Yesterday, we went see Star Wars: The Last Jedi. I get confused who is who. What can I say? I am getting old. At least I know who the main characters are, right?  I like the story line and the fighting etc. But what I love the most are the cute characters: 
BB-8




C-3PO


R2-D2


Wise Sweet Yoda
Chewbacca


PORG

Last week or so we watched Wonder on KODI. It is a heart warming story based on a best seller book of the same name about a young boy with facial differences called Treacher Collins Syndrome.  He is the sweetest and smartest little boy who can be an inspiration to us all. I think every kid should see this movie as well as adults.  This is my kind of movie!





Auggie, the boy is played by Jacob Tremblay. Julia Roberts plays the mother, Isabel. Owen Wilson plays Auggie's father Nate and his sister is Via played by Isabel Vidovic.

Some of my favorite quotes (and there are many) from WONDER the movie are:

“You’re going to feel like you’ve all alone but you’re not.” – Nate

"If you don’t like where you are, picture where you want to be.” – Auggie

"When given the choice between being right or kind, choose kind.” – A precept taught by Mr. Browne in class

"You are not ugly Auggie… Because I’m your mom it counts the most because I know you the most.” – Isabel

"You can’t blend in when you were born to stand out.” – Auggie’s sister Via, played by Isabel Vidovic (The sister was so awesome saying that.)

"We all have marks on our face.  This is the map that shows where we’ve been and it’s never, ever ugly.” – Isabel

What evil man created dodgeball?” – Auggie    (I so can relate to him on this)
I don't want to overwhelm you with ALL the quotes I love. I may make a full list on another page.

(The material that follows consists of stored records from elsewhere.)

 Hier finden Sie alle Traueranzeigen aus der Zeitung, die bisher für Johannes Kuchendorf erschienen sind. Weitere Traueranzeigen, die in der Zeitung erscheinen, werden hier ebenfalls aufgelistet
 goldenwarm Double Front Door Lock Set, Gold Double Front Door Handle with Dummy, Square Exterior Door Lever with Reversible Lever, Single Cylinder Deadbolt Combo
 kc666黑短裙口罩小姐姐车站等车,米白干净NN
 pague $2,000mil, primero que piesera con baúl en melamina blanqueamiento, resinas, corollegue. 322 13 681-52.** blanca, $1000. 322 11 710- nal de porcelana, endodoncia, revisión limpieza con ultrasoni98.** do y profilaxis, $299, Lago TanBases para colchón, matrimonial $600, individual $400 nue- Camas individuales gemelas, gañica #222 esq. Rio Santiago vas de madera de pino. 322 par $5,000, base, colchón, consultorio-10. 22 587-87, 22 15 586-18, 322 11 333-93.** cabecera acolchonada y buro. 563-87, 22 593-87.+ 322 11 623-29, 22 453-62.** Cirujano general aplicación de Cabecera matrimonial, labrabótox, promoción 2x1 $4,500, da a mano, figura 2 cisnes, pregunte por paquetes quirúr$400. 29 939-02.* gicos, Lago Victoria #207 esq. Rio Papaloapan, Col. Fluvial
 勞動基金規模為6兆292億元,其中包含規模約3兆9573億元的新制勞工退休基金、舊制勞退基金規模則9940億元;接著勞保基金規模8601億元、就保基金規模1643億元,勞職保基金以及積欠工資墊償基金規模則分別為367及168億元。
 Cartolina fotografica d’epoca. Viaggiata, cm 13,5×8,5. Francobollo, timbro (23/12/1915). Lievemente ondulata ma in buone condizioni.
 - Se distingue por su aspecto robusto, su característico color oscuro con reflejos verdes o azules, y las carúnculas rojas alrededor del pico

Have you watched either of these movies? What do you think about them? Out of thee quotes does one speak to you?

Thanks for dropping by..

Merry Christmas!!

Until next time....be kind

Wednesday, December 13, 2017

Here's a Little Inspiration: Explore Your Faith For Any Religion

I found this in Acadiana Catholic booklet. BUT you do NOT have to be Catholic to get something out of this. Please read and share your thoughts. It was sponsored by a local dentistry. I think Christmas time is 

Explore Your Faith

I am flat broke from overspending at Christmas time, but I need to go shopping again soon because I am completely out of self-respect.  I've said things I wish I could take back and I am not feeling too good about myself.

I also want to exchange a cart of self righteousness for an equal amount of humility. I hear that it is less expensive and wears well,  and while I'm at it I'm going to check on tolerance and see if there is any available in my size.

I must remember to try to match my patience with the little I have left. My neighbor is loaded with it and it looks awfully good on her. I was told the same department has a repair shop. for mending integrity. Mine has become frayed around the edges from too much compromise.  If I don't get it refurbished soon. there won't be any left.

I almost forgot the most important thing of all-- compassion. If I see some, no matter what the color, size or shape I'm going to stock up heavily regardless of the price.  I have run out of it so many times and I always feel ashamed when it happens.

I don't know why it has taken me so long to get around the shopping for these items. They don't cost nearly as much as some of the  frivolous things  I've bought for Christmastime, and I'll get a lot more satisfaction from them.

Yes, I'm going shopping today, and I can leave my checkbook and credit cards at home. The things I'm looking for have no price tags--what a joy.

I love this. I think it sends s a great message. 

Do you have any inspiration quotes, poems or thoughts? I'd love to hear.